◆ Activity
If an entry includes an image, drop the image and copy the rest verbatim.

:: Source records ::

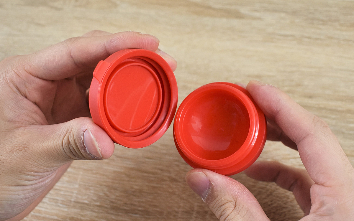 フタの部分は“つまみ”がついており、引っ張ると開閉できる仕組み。シリコーンで作られているため、調味料の液漏れを防いでくれます。
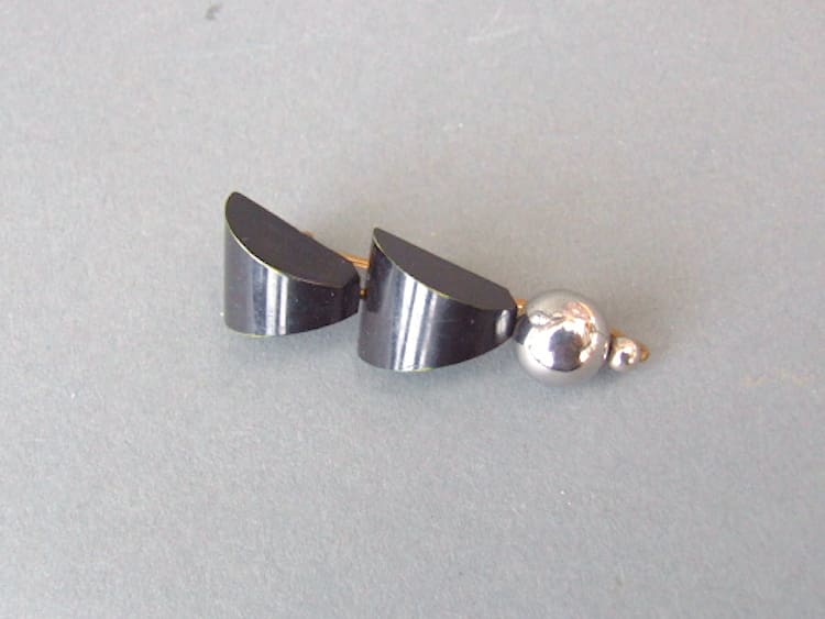 Modernist black galalith and chrome Brooch by Bengel.
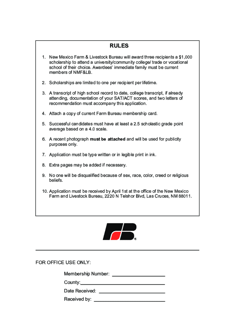1. New Mexico Farm & Livestock Bureau will award three recipients a $1,000
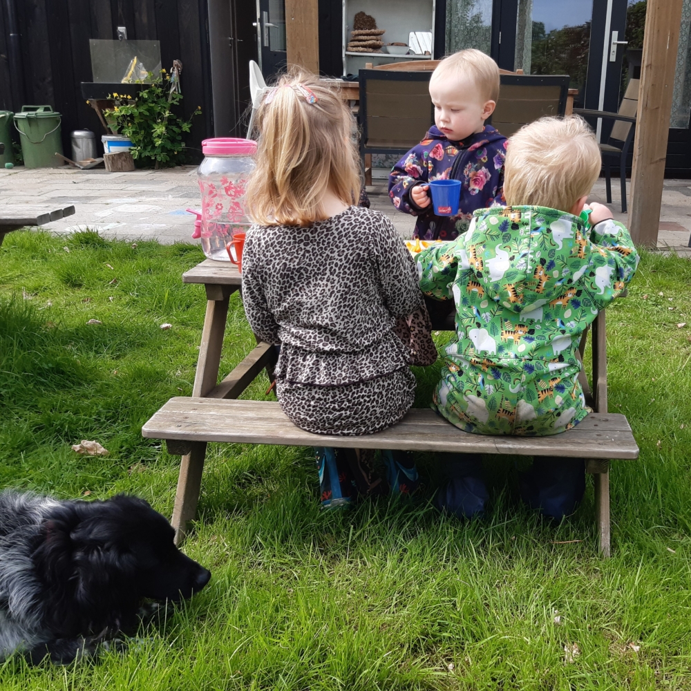 We spelen in de tuin, in het bos, in de Onlanden, bij een speeltuin of een andere plek verrassende plek waar we met de bakfiets kunnen komen. We vullen de picknickmand met fruit en/of een lunch en voldoende drinken zodat we onderweg een fijn plekje kunnen zoeken voor onze buitenavonturen en om onze knorrende buikjes weer te vullen. Af en toe bakken we ons eigen brood waarbij de peuters zelf het deeg kneden of we vieren een mooie dag met een lekkere pannenkoek.
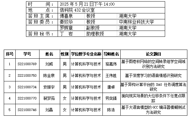 九色 (计算机科学系)2025年5月21日硕士答辩公告(3)
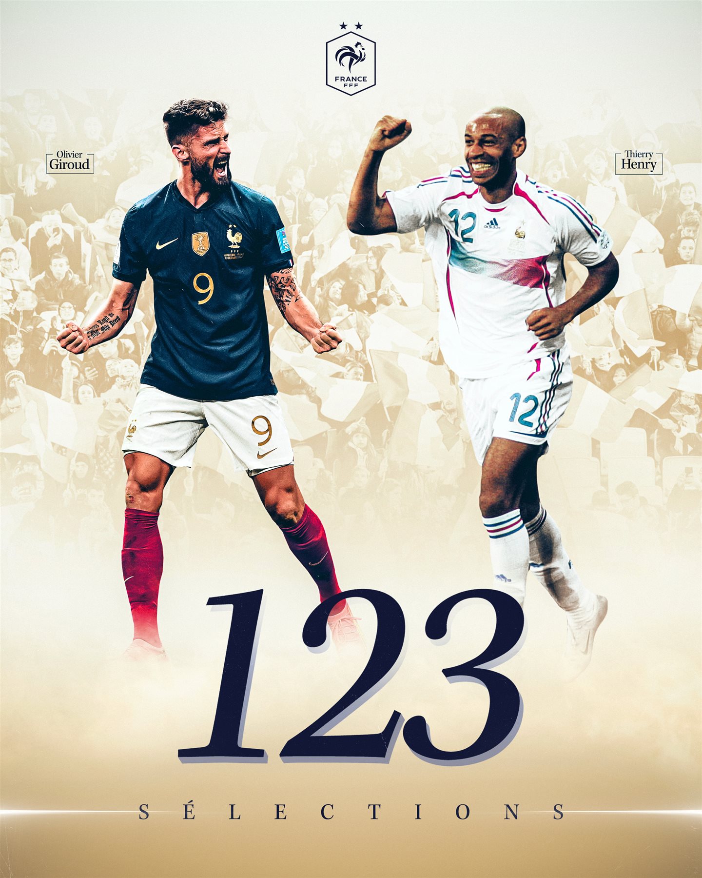 عادل المهاجم الفرنسي جيرو رقم الأسطورة الفرنسية تييري هنري، كثالث أكثر لاعب مشاركة بقميص الديوك، بواقع 123 مباراة.
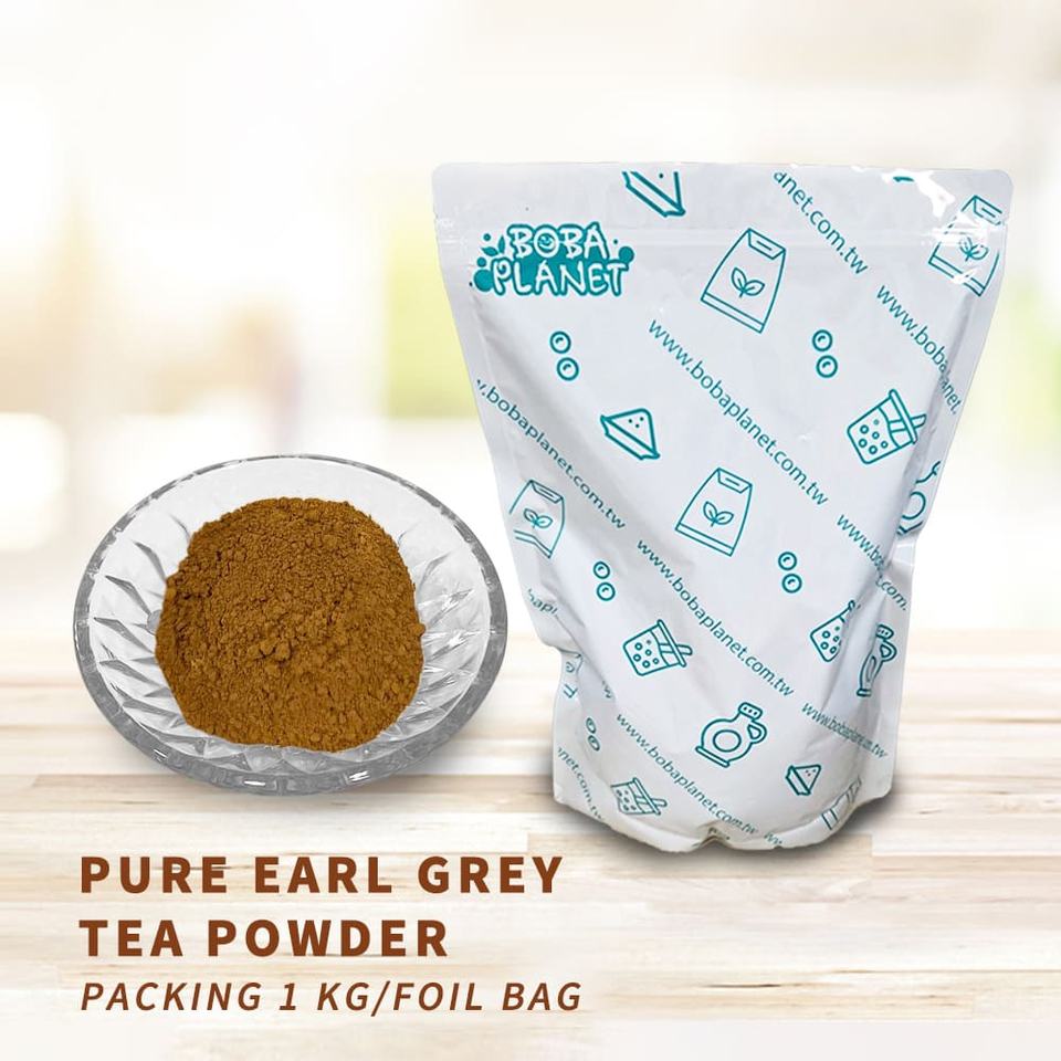 ชาเอิร์ลเกรย์สำเร็จรูปแบบผงยี่ห้อ Boba Planet ได้รับการรับรองฮาลาล SC 22000 บรรจุในถุงจากไต้หวัน อายุการเก็บรักษา 2 ปี เหมาะสำหรับทำสมูทตี้
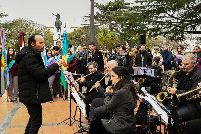 Al inicio, el Himno Nacional Argentino fue interpretado por la Banda Municipal “Profesor Jaime Lareau”, dirigida por el profesor Francisco Nápoli. Posteriormente, en honor a la memoria del Libertador, se realizó un minuto de silencio acompañado en trompeta por Lucas Valdez.

:::

◆ Result
 フタの部分は“つまみ”がついており、引っ張ると開閉できる仕組み。シリコーンで作られているため、調味料の液漏れを防いでくれます。
 Modernist black galalith and chrome Brooch by Bengel.
1. New Mexico Farm & Livestock Bureau will award three recipients a $1,000
 We spelen in de tuin, in het bos, in de Onlanden, bij een speeltuin of een andere plek verrassende plek waar we met de bakfiets kunnen komen. We vullen de picknickmand met fruit en/of een lunch en voldoende drinken zodat we onderweg een fijn plekje kunnen zoeken voor onze buitenavonturen en om onze knorrende buikjes weer te vullen. Af en toe bakken we ons eigen brood waarbij de peuters zelf het deeg kneden of we vieren een mooie dag met een lekkere pannenkoek.
 九色 (计算机科学系)2025年5月21日硕士答辩公告(3)
 عادل المهاجم الفرنسي جيرو رقم الأسطورة الفرنسية تييري هنري، كثالث أكثر لاعب مشاركة بقميص الديوك، بواقع 123 مباراة.
 ชาเอิร์ลเกรย์สำเร็จรูปแบบผงยี่ห้อ Boba Planet ได้รับการรับรองฮาลาล SC 22000 บรรจุในถุงจากไต้หวัน อายุการเก็บรักษา 2 ปี เหมาะสำหรับทำสมูทตี้
 Al inicio, el Himno Nacional Argentino fue interpretado por la Banda Municipal “Profesor Jaime Lareau”, dirigida por el profesor Francisco Nápoli. Posteriormente, en honor a la memoria del Libertador, se realizó un minuto de silencio acompañado en trompeta por Lucas Valdez.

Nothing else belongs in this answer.